# Data provided
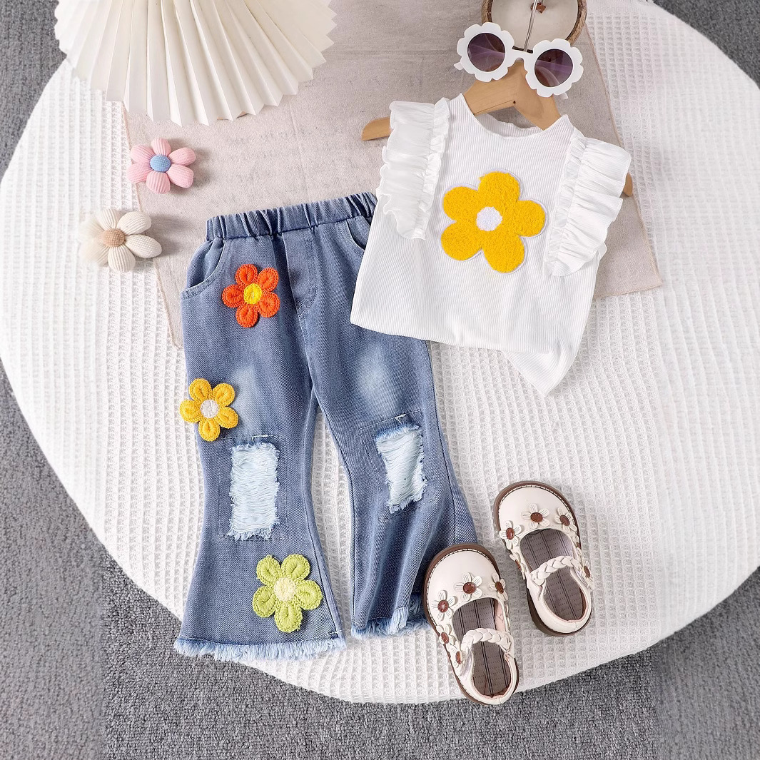Toddler Girl Yellow Floral Top With Patched Denim Trouser 2pcs
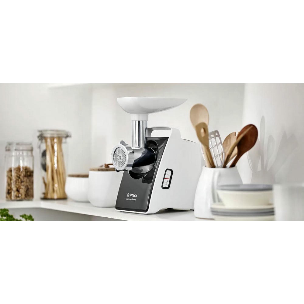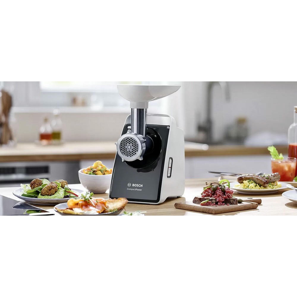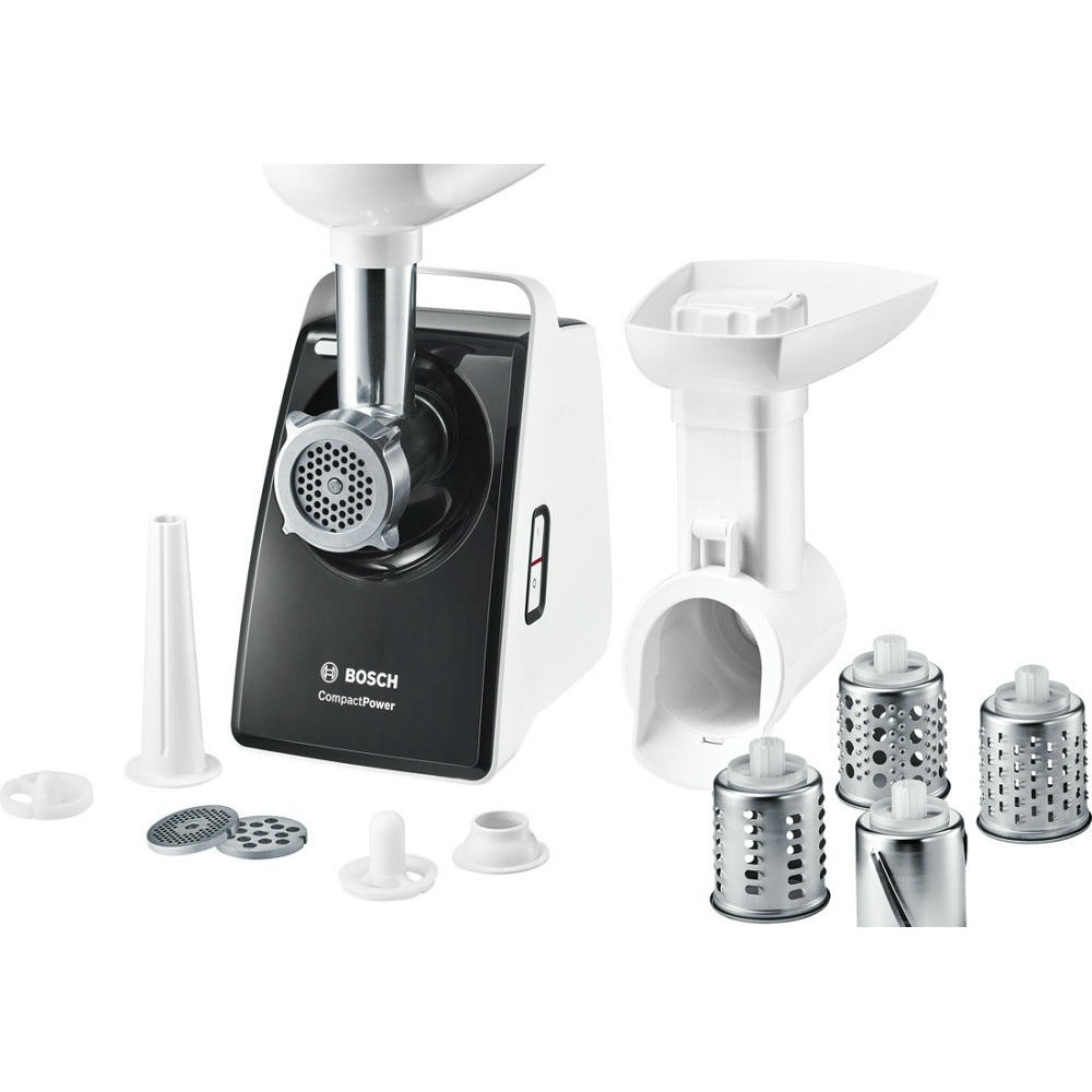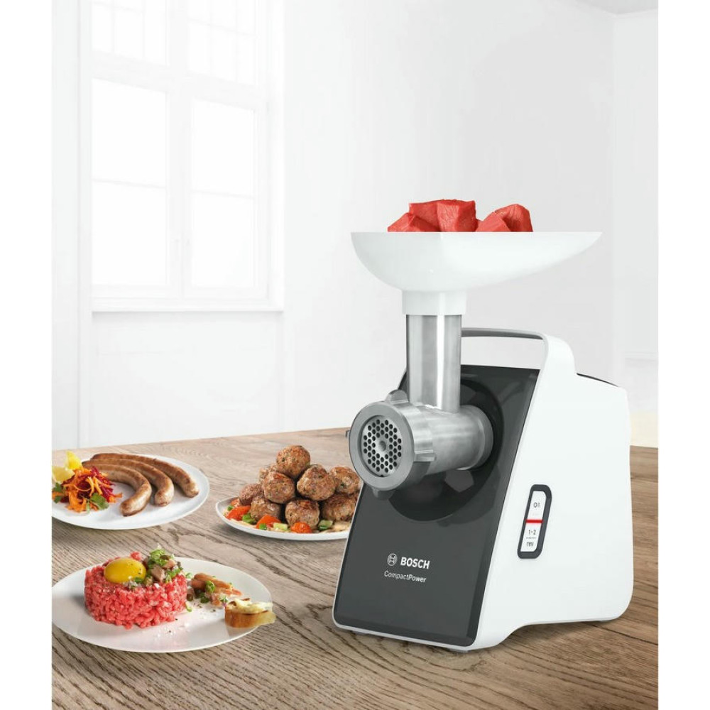 Мясорубка Bosch MFW 3640A CompactPower — многофункциональный прибор с насадками для шинкования овощей, приготовления фарша, колбас и кеббов. Высокая производительность 1.9 кг/мин и надежность прибора сочетается с компактными размерами. При функции реверс появляется возможность провернуть шнек в обратном направлении для очистки.
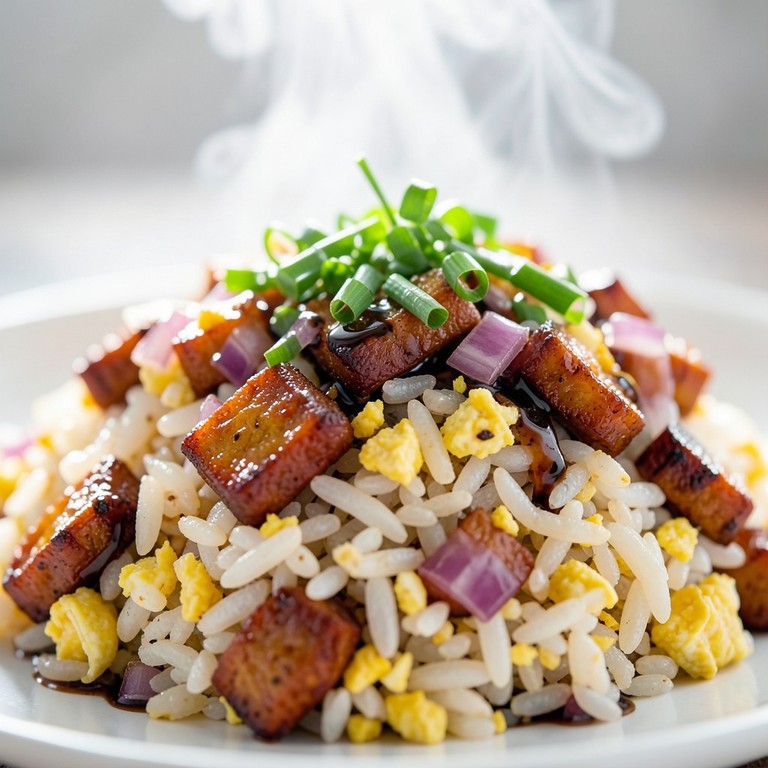 Un plato lleno de sabor donde el embutido se carameliza con salsa de soya, complementando el arroz y el huevo, creando una experiencia culinaria reconfortante y deliciosa.
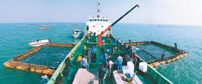 在莱州湾海洋牧场,海上网箱养殖以保护生物多样性为前提,有序进行。
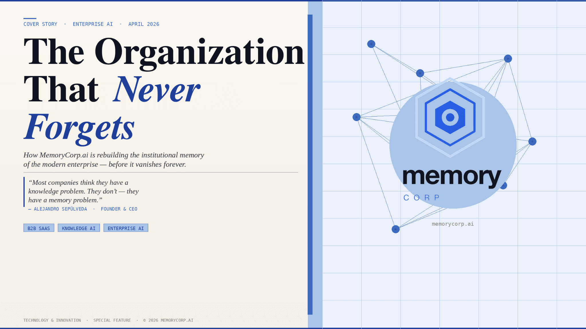 Alejandro Sepúlveda, Founder and Chief Executive Officer of MemoryCorp.ai, describes it clearly.
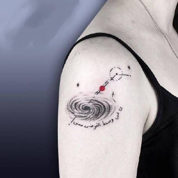 一组国外纹身师的小红点元素的红黑纹身图案作品
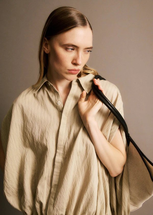 Chemise oversize en coton à rayures fines verticales avec fermeture boutonnée
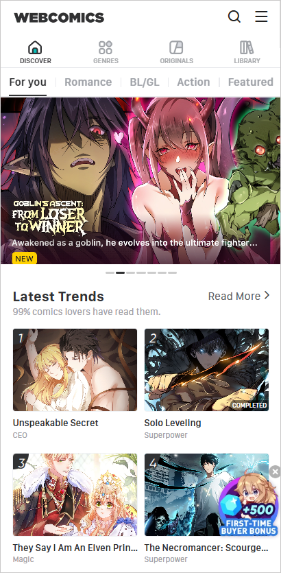 WebComics漫畫是一款很便利的漫畫閱讀軟件,這里的漫畫資源齊全,大家可以閱讀到各種類型的漫畫,校園、古風(fēng)、冒險(xiǎn)、愛情等等,分類的非常的清晰,用戶很容易找到自己喜歡的漫畫資源,還可以自己搜索,可以直接找到喜歡的漫畫。軟件還提供了許多的福利,用戶可以免費(fèi)閱讀到各種精彩的漫畫,還可以享受到各種優(yōu)惠折扣,舒適的閱讀漫畫哦。
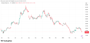 In de onderstaande grafiek zien we het koersverloop van Coinbase:
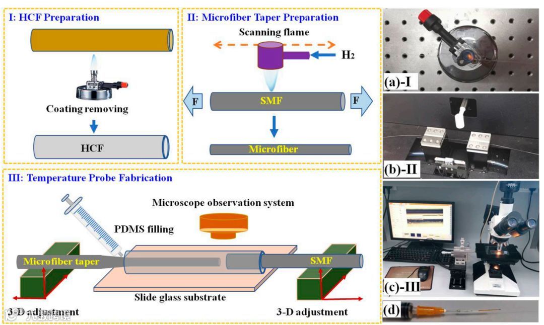 近日,东北大学李晋等人采用聚二甲基硅氧烷(PDMS)将微光纤封装在一根空心(HCF)内,设计了一种微型法布里-珀罗温度探头。微光纤端部和普通单模光纤端头作为法布里-珀罗干涉仪的反射面。实验结果表明,该传感器的灵敏度为11.86 nm/ ℃,并且在43到50 ℃温度范围内线性效应非常好。这种高灵敏度依赖于PDMS具有较大的热膨胀系数。由于PDMS物理化学特性,该温度传感器的工作温度不能超过200 ℃。然而由于其低成本、快速的制造工艺、紧凑的结构和低于10-4 ℃的温度分辨率等优点,使其在探测具有超高温度灵敏度和精度等领域具有很大的应用前景。

# Description of the task
Output everything in the material exactly. Pictures stay out of it.

# Exercise result
Toddler Girl Yellow Floral Top With Patched Denim Trouser 2pcs
 Мясорубка Bosch MFW 3640A CompactPower — многофункциональный прибор с насадками для шинкования овощей, приготовления фарша, колбас и кеббов. Высокая производительность 1.9 кг/мин и надежность прибора сочетается с компактными размерами. При функции реверс появляется возможность провернуть шнек в обратном направлении для очистки.
 Un plato lleno de sabor donde el embutido se carameliza con salsa de soya, complementando el arroz y el huevo, creando una experiencia culinaria reconfortante y deliciosa.
 在莱州湾海洋牧场,海上网箱养殖以保护生物多样性为前提,有序进行。
 Alejandro Sepúlveda, Founder and Chief Executive Officer of MemoryCorp.ai, describes it clearly.
 一组国外纹身师的小红点元素的红黑纹身图案作品
 Chemise oversize en coton à rayures fines verticales avec fermeture boutonnée
 WebComics漫畫是一款很便利的漫畫閱讀軟件,這里的漫畫資源齊全,大家可以閱讀到各種類型的漫畫,校園、古風(fēng)、冒險(xiǎn)、愛情等等,分類的非常的清晰,用戶很容易找到自己喜歡的漫畫資源,還可以自己搜索,可以直接找到喜歡的漫畫。軟件還提供了許多的福利,用戶可以免費(fèi)閱讀到各種精彩的漫畫,還可以享受到各種優(yōu)惠折扣,舒適的閱讀漫畫哦。
 In de onderstaande grafiek zien we het koersverloop van Coinbase:
 近日,东北大学李晋等人采用聚二甲基硅氧烷(PDMS)将微光纤封装在一根空心(HCF)内,设计了一种微型法布里-珀罗温度探头。微光纤端部和普通单模光纤端头作为法布里-珀罗干涉仪的反射面。实验结果表明,该传感器的灵敏度为11.86 nm/ ℃,并且在43到50 ℃温度范围内线性效应非常好。这种高灵敏度依赖于PDMS具有较大的热膨胀系数。由于PDMS物理化学特性,该温度传感器的工作温度不能超过200 ℃。然而由于其低成本、快速的制造工艺、紧凑的结构和低于10-4 ℃的温度分辨率等优点,使其在探测具有超高温度灵敏度和精度等领域具有很大的应用前景。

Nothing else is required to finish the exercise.